There are only 2 basic types of cells, primitive prokaryotes and the more
complex eukaryotes.
Prokaryotic cells (Pro=before, karyon = nucleus) are evolutionarily
ancient. They were here first and for billions of years were the only form of
life. Today most life is prokaryotic, and these cells are supremely successful.
All bacteria and bacteria-like Archaea are prokaryotic organisms.
Eukaryotes (Eu=true, karyon= nucleus) can be single celled or multicellular organisms. Eukaryotic cells are more complex, having evolved from a
prokaryote-like predecessor.

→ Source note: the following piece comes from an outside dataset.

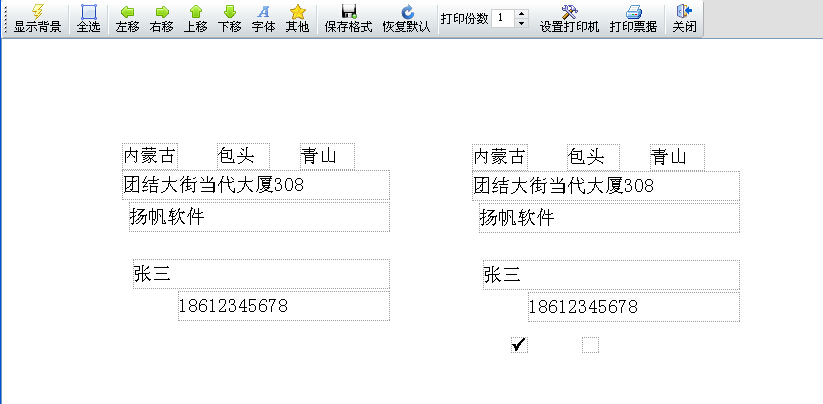 上图展示了一项扬帆票据打印专家独有的功能,通过菜单栏功能键我们可以在打印预览中自由编辑每一个打印项的位置,设置任意打印项不打印等等,简单实用,方便快捷,真正实现与票据的完美套打。
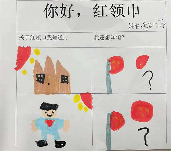 紅領(lǐng)巾究竟是什么?關(guān)于紅領(lǐng)巾我知道哪些?紅領(lǐng)巾為什么是紅色的?孩子們?yōu)榱伺宄P(guān)于紅領(lǐng)巾的秘密,幼兒嘗試著用自己的方法解決疑惑。

Most of the living things that we are typically
familiar with are composed of eukaryotic cells: animals, plants, fungi and
protists.
Prokaryotic cells:
much smaller

no membrane-bound nucleuses other membrane-bound organelles. The only


membrane is the plasma membrane.

the genetic material is naked within the cytoplasm

ribosomes are the only type of organelle

Eukaryotic cells
The main structure:
a double membrane-bound nucleus separates the genetic material from the
rest of the cell.
an endomembrane system composed of different membrane-bound
organelles that transport materials around the cell: the rough and smooth
endoplasmic reticulum, Golgi apparatus and vesicles.
energy producing organelles: mitochondria and chloroplasts, involved in
metabolism and energy conversion.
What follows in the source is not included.